In addition to phospholipids synthesis, MAMs are also involved in another key function related to the cholesterol metabolism. Newly synthesized cholesterol in the ER also requires transport into the mitochondria for conversion into pregnenolone (Figure 3II), the precursor for steroids, and MAMs play a key role in this rate-limiting step [96]. Furthermore, MAMs have been shown to possess an abundance of cholesterol acyltransferase 1 (ACAT1), which is involved in the conversion of free cholesterol into cholesteryl esters (CEs) (Figure 3III), generally deposited in lipid droplets [97]. Thus, ACAT1 can be used to indirectly measure MAMs activity. Interestingly, significantly higher ACAT1 activity and more lipid droplets containing CEs have been found in PS-mutant fibroblasts compared with control cells [47]. Remarkably, increased MAMs and altered MAMs-mediated lipid homeostasis have also been observed in fibroblasts from FAD patients with an APP mutation and even in fibroblasts from SAD patients [47]. Activated ACAT1 can directly modulate Aβ formation by regulating the balance between membrane free cholesterol and CEs levels [97,98]. Intriguingly, MAM-mediated lipid synthesis, transport and metabolism can influence the fluidity of the mitochondria membrane and subsequently alter biophysical properties of the membrane environment. The balanced concentration of phospholipids, sterols and sphingolipids seemingly plays an important role in mitochondrial membrane fusion or fission. Thus, two new questions arise: Are MAMs involved in the regulation of lipid transport between the ER and mitochondria? Additionally, can MAM-mediated lipid metabolism in AD affect mitochondrial dynamics and if so, how?

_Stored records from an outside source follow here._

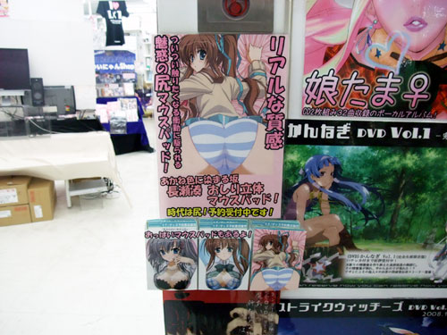 ちなみに、おしり立体マウスパッドはこれが初というわけではなく、コミケ74にて、アキ★コレが、「[Clear]行野無月 プリプリ★お尻マウスパッド」、ドワンゴブースで「ペンギン娘のお尻マウスパッド」等が販売されていました。
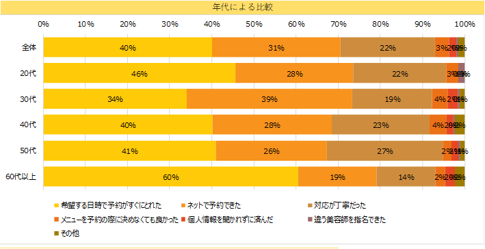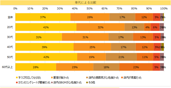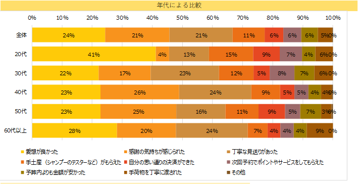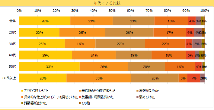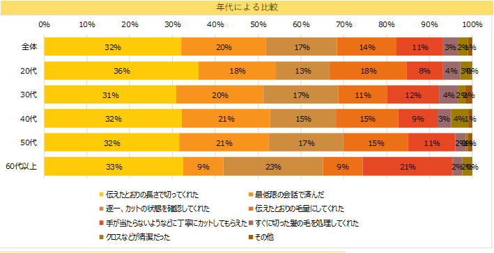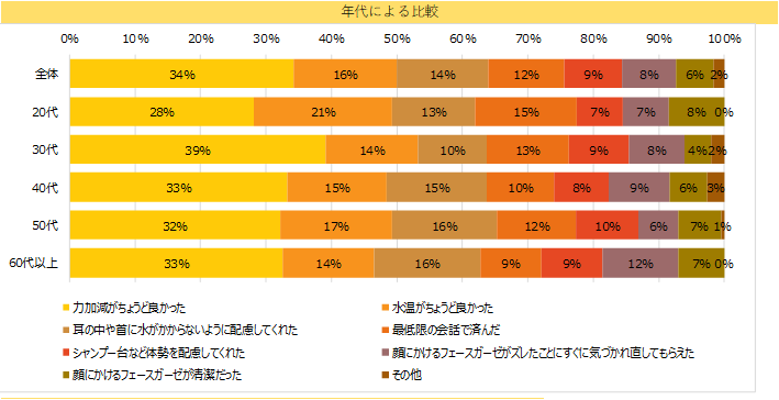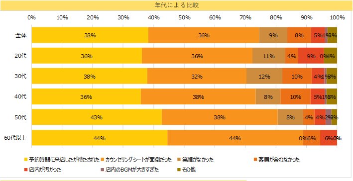 予約時、最も嫌だったこととして「希望する日時で予約が取れなかった」59%、良かった経験は「希望する日時で予約することができた」40%、「ネットで予約できた」31%となりました。実際に来店してからカウンセリングシート記入までの中での悪体験は「案内まで待たされた」が38%、「カウンセリングシートが面倒だった」が36%でした。一方、良体験は「すぐに案内してもらえた」37%でした。美容師と初対面となるカウンセリングでの悪体験は「美容師の態度が馴れ馴れしかった」が最も選択され、良体験においては「アドバイスをもらえた」ことが消費者の心に残っているようです。シャンプーでの悪体験は「耳の中や首に水がかかった」とし、良体験は「力加減がちょうどよかった」。カットでの悪体験は「伝えている長さ以上に切られてしまったこと」、良体験は「伝えたとおりの長さできってくれたこと」でした。施術後からお見送りにおける悪体験は支払いが「予算以上の金額だった」、良体験は「愛想がよかった」でした。
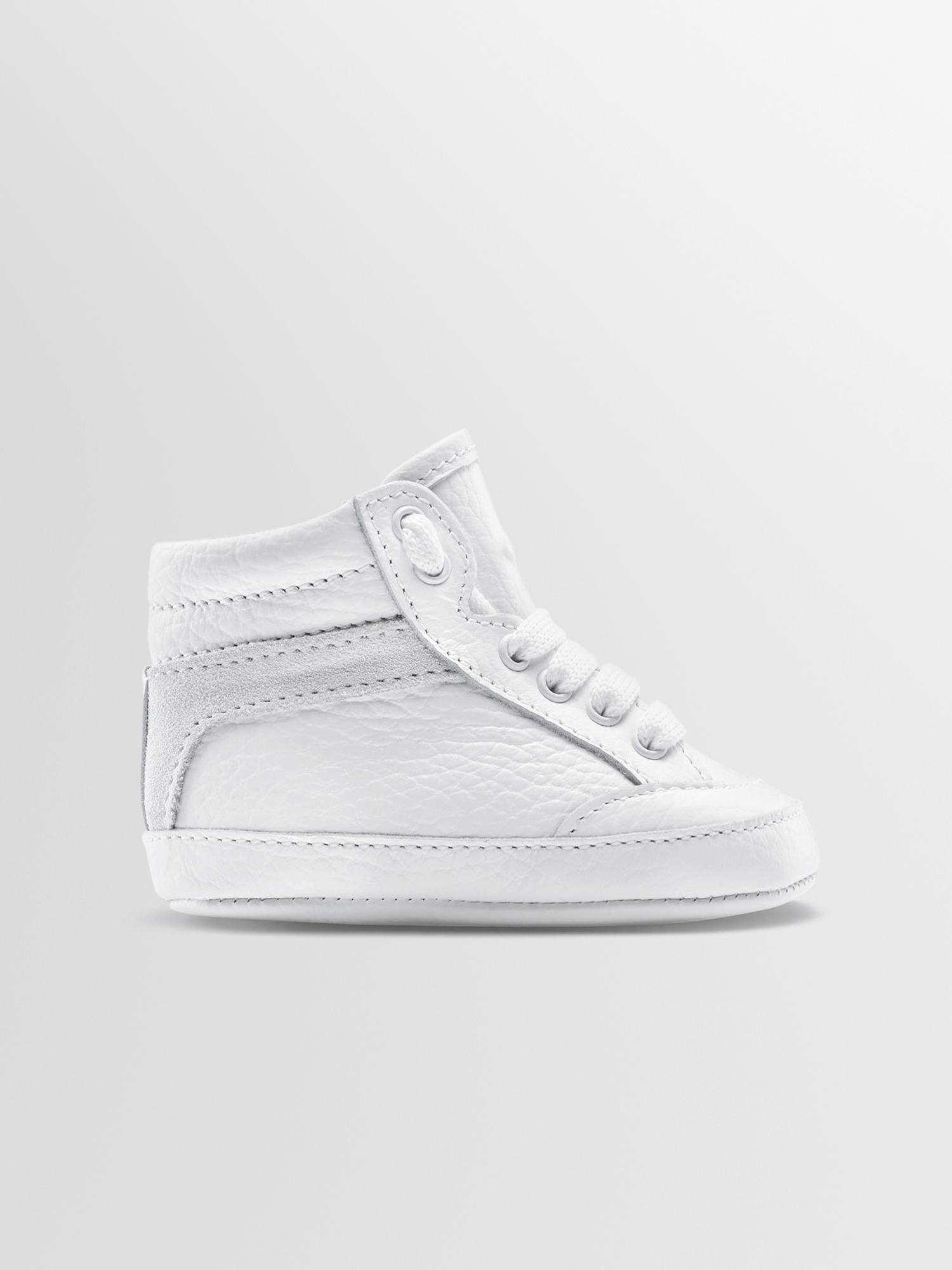 Our most classic high-top style is scaled down to fit your mini-me. It's handcrafted in Italy from Italian leather and suede, then fitted with cushioned insoles that feel cloud-like beneath your little one's feet.

The hypothesis that perturbed MAMs may be involved in the various events of the lipid metabolism in AD patients has been recently strengthened due to the discovery of the effects of apolipoprotein E (APOE) on MAMs [99]. APOE gene encodes a component of the lipoproteins named APOE that has the ability to ferry cholesterol and lipids throughout the circulation. The APOE gene possesses three variants: ε2, ε3 and ε4. Previous studies have revealed that individuals harboring the ε4 allele are at significantly higher risk for developing SAD than those harboring the common ε3 allele. Compared with non-ε4 carriers, ε4 heterozygotes shows an odds ratio (OR) for AD of ∼3, even rising to ∼12 in homozygotes [1]. There is a possibility that ApoE4 plays a key role in mediating MAMs behavior (Figure 3IV). In the brain, APOE is normally not generated in neurons but produced in astrocytes. MAMs activity has been shown to be significantly upregulated in human neuronal-like SH-SY5Y cells and fibroblasts treated with astrocyte-conditioned media (ACM) from human ApoE4 knock-in mice [99]. Moreover, increased CEs and lipid droplets are observed in ApoE4-ACM-treated cells, implying enhanced cholesterol metabolism at the MAMs [99]. Remarkably, the increase in CEs and phospholipid synthesis were not as statistically significant as in the PS-mutant cells [47], which is compatible with the view that ApoE4 is not a determinative factor, only a risk factor, for developing AD. Mitofusin-2 (MFN2) localized at the MAMs participates in mitochondrial fusion and its ablation has been shown to decrease the connections between the ER and mitochondria [100,101]. To further verify that increased phospholipid production is indeed intermediated by MAMs, mouse embryonic fibroblasts obtained from MFN2 knocked-out mice were treated with ApoE4-ACM. The results demonstrated that the abolition of MFN2 in mouse embryonic fibroblasts led to the down-regulation of the MAMs activity and abrogates the ApoE4-mediated increases in phospholipid synthesis, CEs and cellular lipid droplets [99]. These observations strongly support the view that the ApoE4-mediated effects on phospholipid synthesis and cholesterol metabolism are indeed the results of increased MAMs function. Based on these studies, we propose that altered MAMs behavior can induce the early events in the pathogenesis of AD by participating in lipid transport, synthesis and metabolism.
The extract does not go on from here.